El regreso de la ex – Capítulo 656
Tan pronto como llegó a la entrada, la persona que estaba al acecho lo detuvo, pero se apartó al darse cuenta de que era John. Estacionó su auto en el patio, donde algunos de sus subordinados se le acercaron. Tarareando, John preguntó: «¿Confesó?»
Uno de los hombres asintió con la cabeza. «Lo hizo, pero lo que nos dijo no tenía importancia».
Independientemente, John se dirigió al almacén. Aunque enorme, el almacén no se usó durante mucho tiempo, por lo que se llenó de polvo y olor a moho.
Había una tabla en el suelo del almacén, sobre la que yacía un hombre. Se quitó la chaqueta, lo que reveló tanto la camiseta que llevaba debajo como sus brazos tatuados. En ese momento, su codo izquierdo estaba vendado.
Cuando John se acercó al hombre, miró a John con los ojos entrecerrados, ya que, para empezar, nunca estaba dormido. Resignado a aceptar sus circunstancias, mantuvo la cara seria al ver a John, pero su tez estaba pálida cuando habló. «Ya te dije todo lo que sé sin ocultar nada».
John se agachó para mirarlo con una sonrisa burlona. «¿No fuiste bastante persistente al principio?» Debido a lo cerca que estaban, John pudo asimilar todos los cambios mínimos en la expresión del hombre, por lo que John pudo determinar que no estaba mintiendo.
El hombre le suplicó. “No sé mucho sobre el plan, pero pensé que al menos debería oponer resistencia, ya que soy parte de una pandilla y tengo una reputación que mantener. Además, nunca esperé que pudieras hacerme daño. Te estoy diciendo la verdad; No sé mucho, y ahora que les he dicho todo lo que sé, por favor libérenme. Creo que la lesión en mi brazo es bastante grave, así que tengo que ir al hospital «.
Como parte de una pandilla, el hombre había sido reprendido por buscar peleas, además de haber sido detenido. Sin una contribución sólida a la sociedad, no era más que un ser parásito en el nivel inferior.

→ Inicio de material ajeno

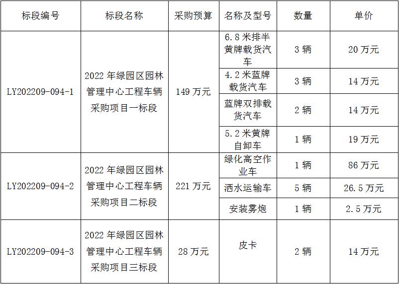 1.项目名称:2022年绿园区园林管理中心工程车辆采购项目。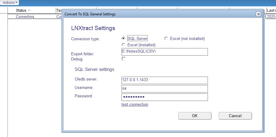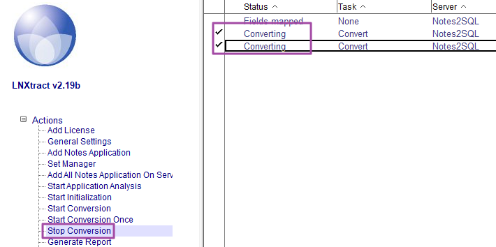 Finally, click Start conversion (Once) to send the Notes content to the SQL database. The Domino server will execute this action.

Burlándose, John preguntó intencionadamente: “¿Por qué debería soltarte? Si no fuera por mí, habrías creado un gran alboroto, así que no esperes que te libere sin antes proporcionarnos algo más útil «. Habiendo dicho eso, John presionó su mano sobre el brazo herido del hombre, lo que provocó en este último un gemido de angustia. A juzgar por su expresión, no estaba fingiendo.
En un tono casual, John comenzó a interrogarlo una vez más. “Necesito saber por qué te dijeron que derribaras a Sophia. ¿Cuál es exactamente el resultado deseado? «
Aunque jadeaba de dolor, el hombre parecía decidido a no confesar. John se puso de pie después de un rato y, con las manos en los bolsillos, miró al hombre que yacía en la tabla. «Bueno, supongo que deberías disfrutar de la vida aquí unos días más».
Con eso, se volvió para salir del almacén. Los dos hombres que custodiaban la entrada se le acercaron tan pronto como salió. «Señor, ¿qué debemos hacer con él?»
John ordenó con calma: «Mantenlo encerrado allí». Aparte de eso, también preguntó sobre la lesión en el codo del hombre.
La respuesta que obtuvo fue que luego de un simple examen médico, se dedujo que el hombre podría haber aterrizado sobre su codo, lo que lo dejó con un hueso fracturado y algunos hematomas menores. Aunque anoche le administraron algunos primeros auxilios, volvieron a revisar la lesión por la mañana, solo para ver que su brazo estaba hinchado, por lo que podría necesitar recibir tratamiento en el hospital.
Sin embargo, John no tenía prisa por hacer eso. «Está bien. Nos suplicará cuando ya no pueda soportar el dolor «. Con eso, abandonó la escena mientras buscaba su pitillera. De hecho, el hombre reveló algo de información anoche. Fue contratado para derrocar a Sophia, mientras que la gravedad de la lesión resultante no importaba mientras ella se cayera.